I’ll be honest – the only reason I was willing to take that risk is because I had a full-time job to fall back on. If I didn’t, I am almost positive that I wouldn’t have disclosed my pregnancy before the job offer.

That’s not the only risk I took. I took a pay cut and a chance of being let go after my six-month probationary period. I also lost FMLA eligibility because I would not have been employed at my current job for a year before having to take maternity leave. Of all these risks I took, losing FMLA eligibility hit the hardest.

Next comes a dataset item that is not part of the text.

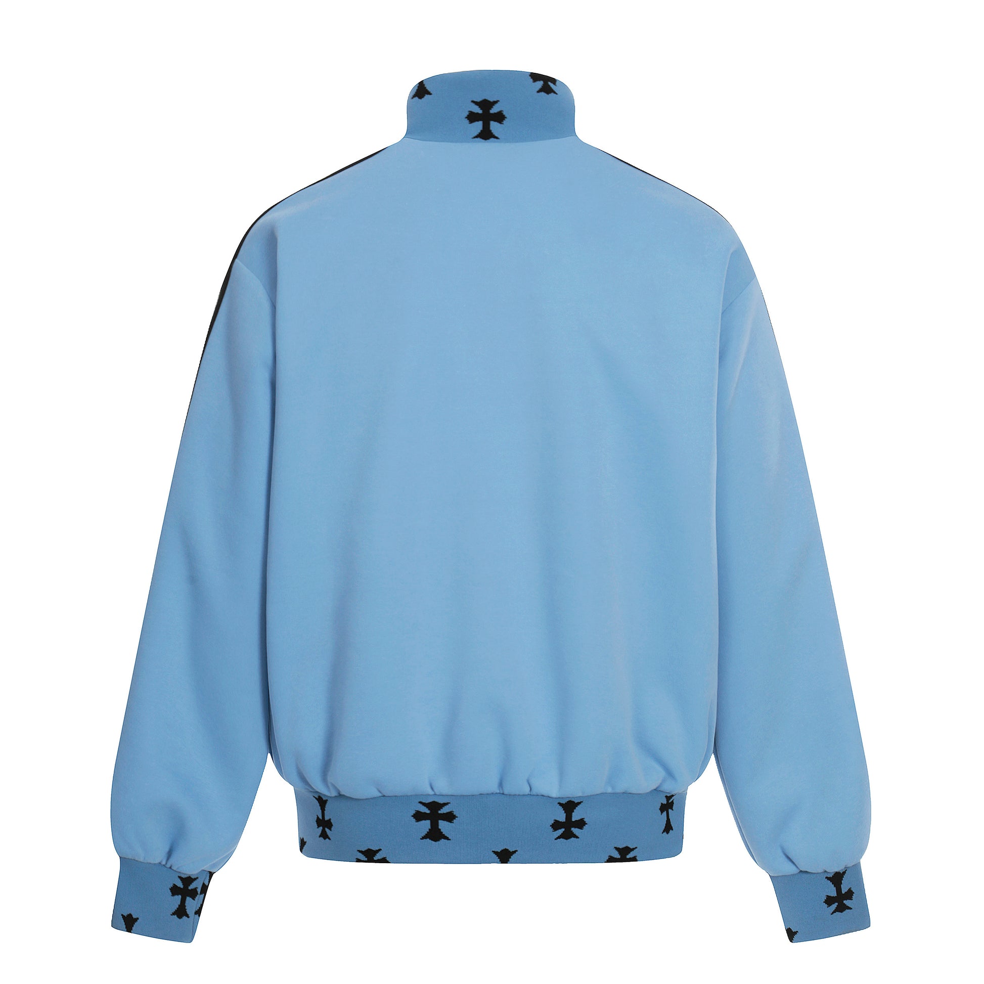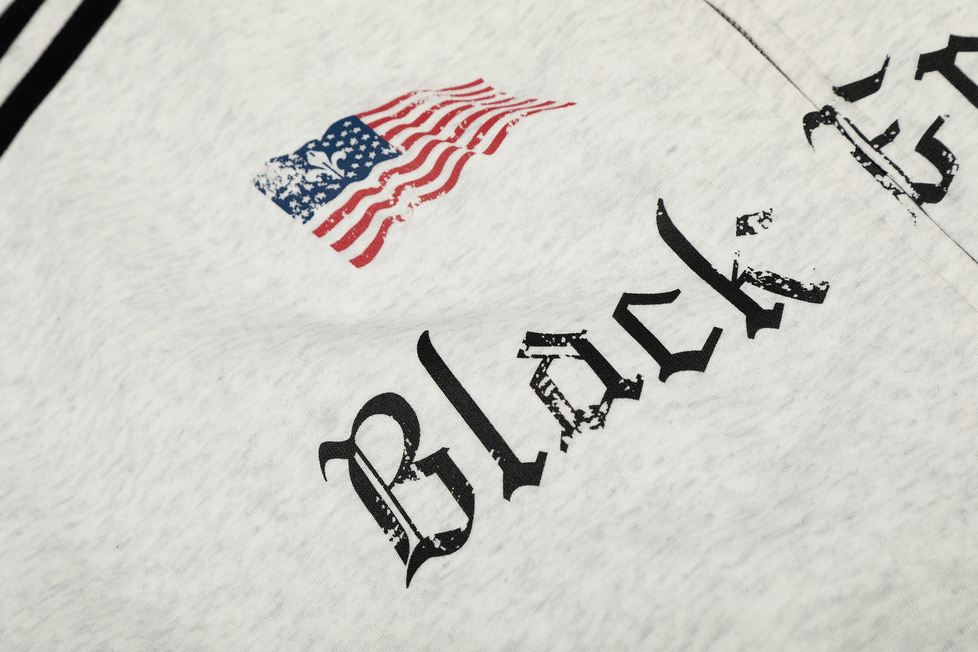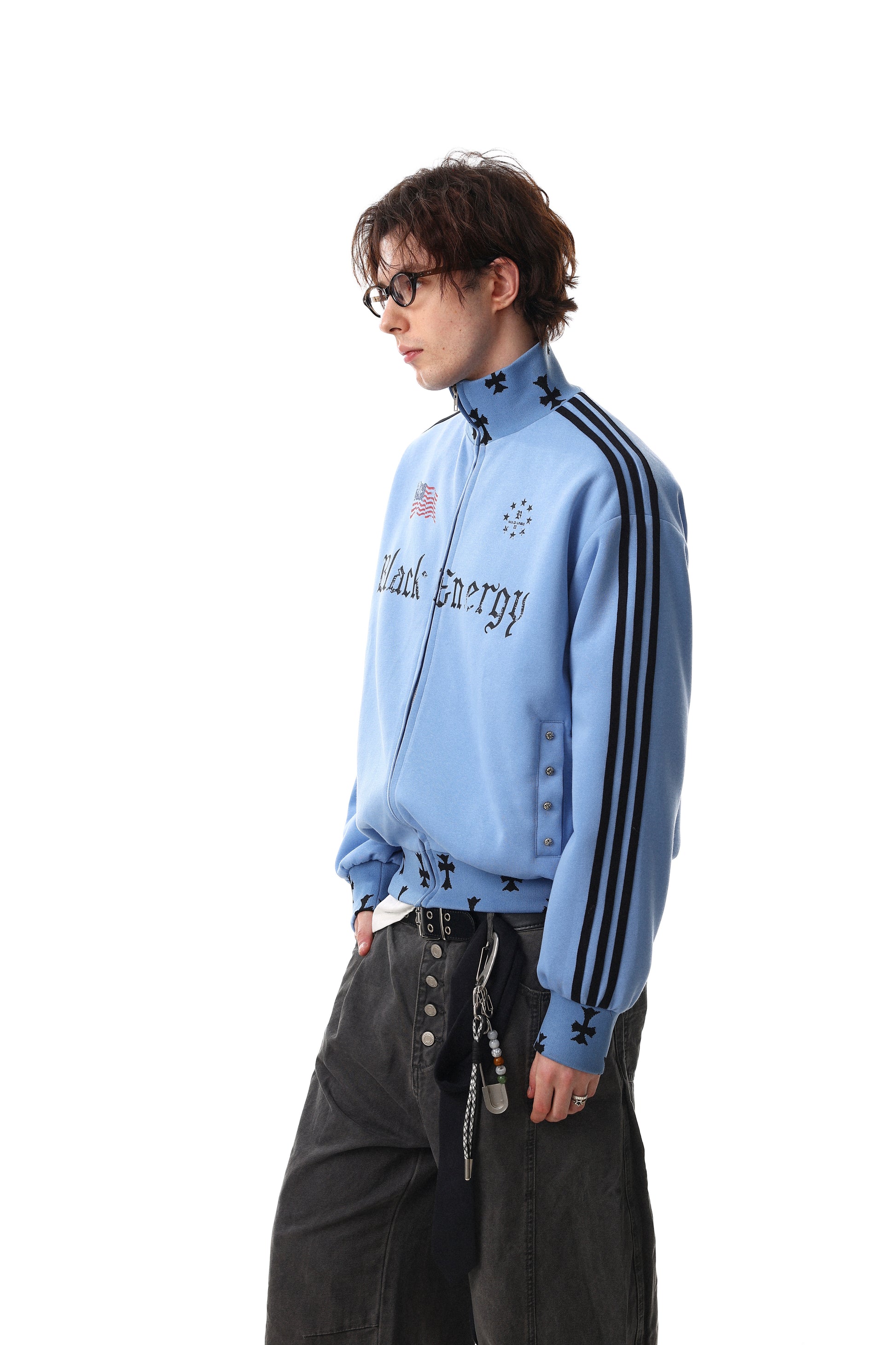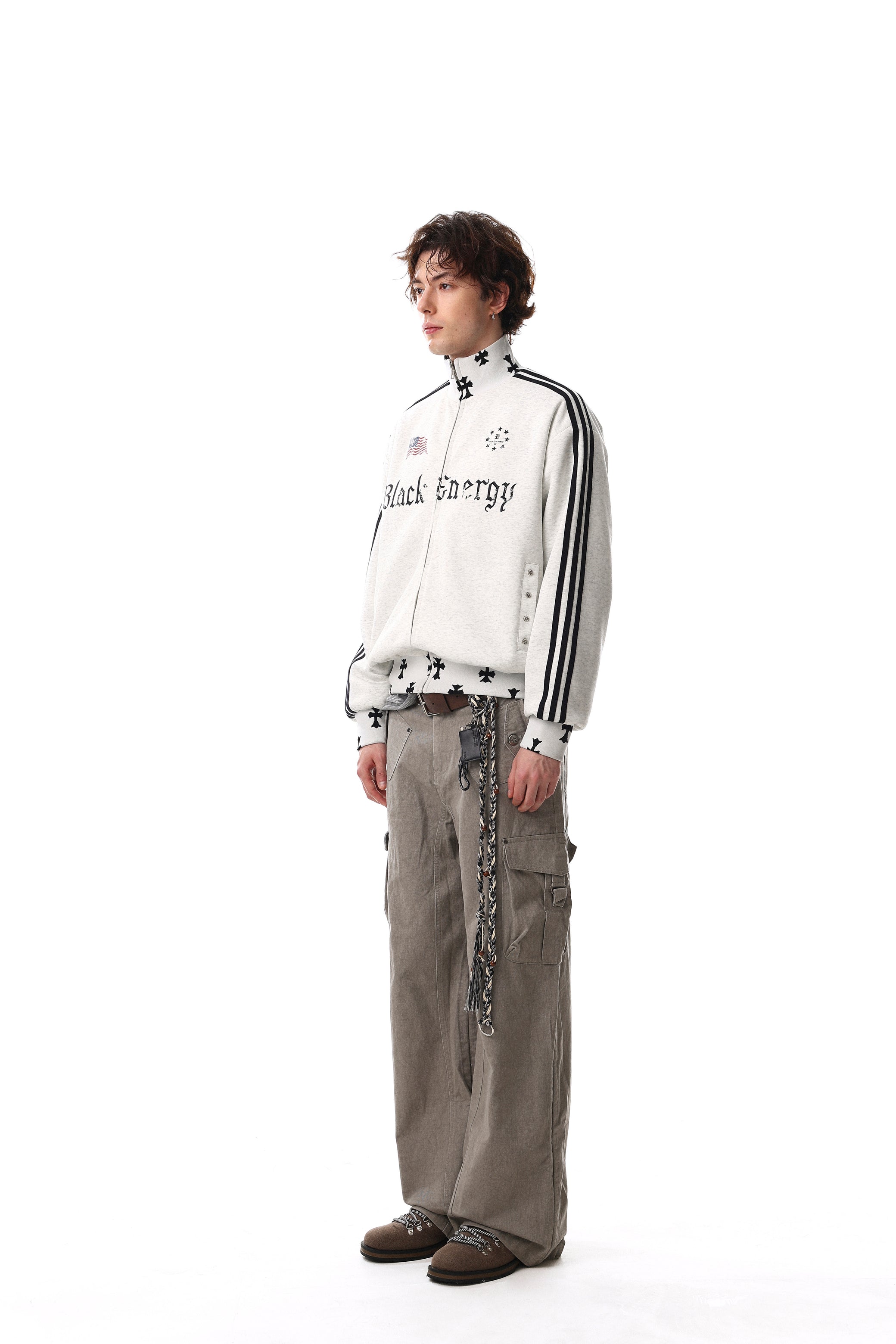 Clothing details: Stand collar design, full-zip front closure, bold “Black Energy” chest print, contrast stripe detailing along sleeves, ribbed cuffs and hem with cross pattern accents, relaxed fit.

I did hold on to my ultrasound job PRN, so I was working roughly one to two Saturdays a month for a little while to save up before I quit. I didn’t miss the money at all, and I see consistent pay raises in my future. As far as my being on probation, I am not worried about being let go. I do my job well. I essentially get paid to think of new ideas, which is what I’ve always wanted anyway. I just took a short, but worthwhile detour to get where I am now. And I am sure more opportunities will come my way.

I was eligible for FMLA during my first pregnancy, and I took every last second of my twelve weeks of leave. I had a traumatic birth and postpartum experience the first time, so I really didn’t even begin recovering until three weeks after I had my child. And I had begun my maternity leave early due to pregnancy complications. So when I really think about it, I only had approximately 6 weeks. S I X W E E K S to recover, bond with my child, etc. Six weeks!

Fortunately, the pregnancy-related complications and trauma I endured the first time have not been the case this go round. However, because I accepted a new job with the hopes of fulfilling my personal goals and of being more present for my family, I am not eligible for FMLA. That means that I may not take 12 weeks. My second pregnancy and postpartum period have been amazing compared to my first. But what if it hadn’t been? Regardless, birthing people don’t get enough credit for carrying and nurturing human lives inside their bodies just to be overlooked and neglected after the baby is born, and a lot of times even before the baby is born, too. There is much to do in 12 weeks, and it’s especially hard when it’s a one-person job or when the person looking after the baby is sleep deprived or unable to afford necessities.

All of this said, I do not regret my decision to make a career change. Now that my second child is also here, I can truly say that I would do it all over again.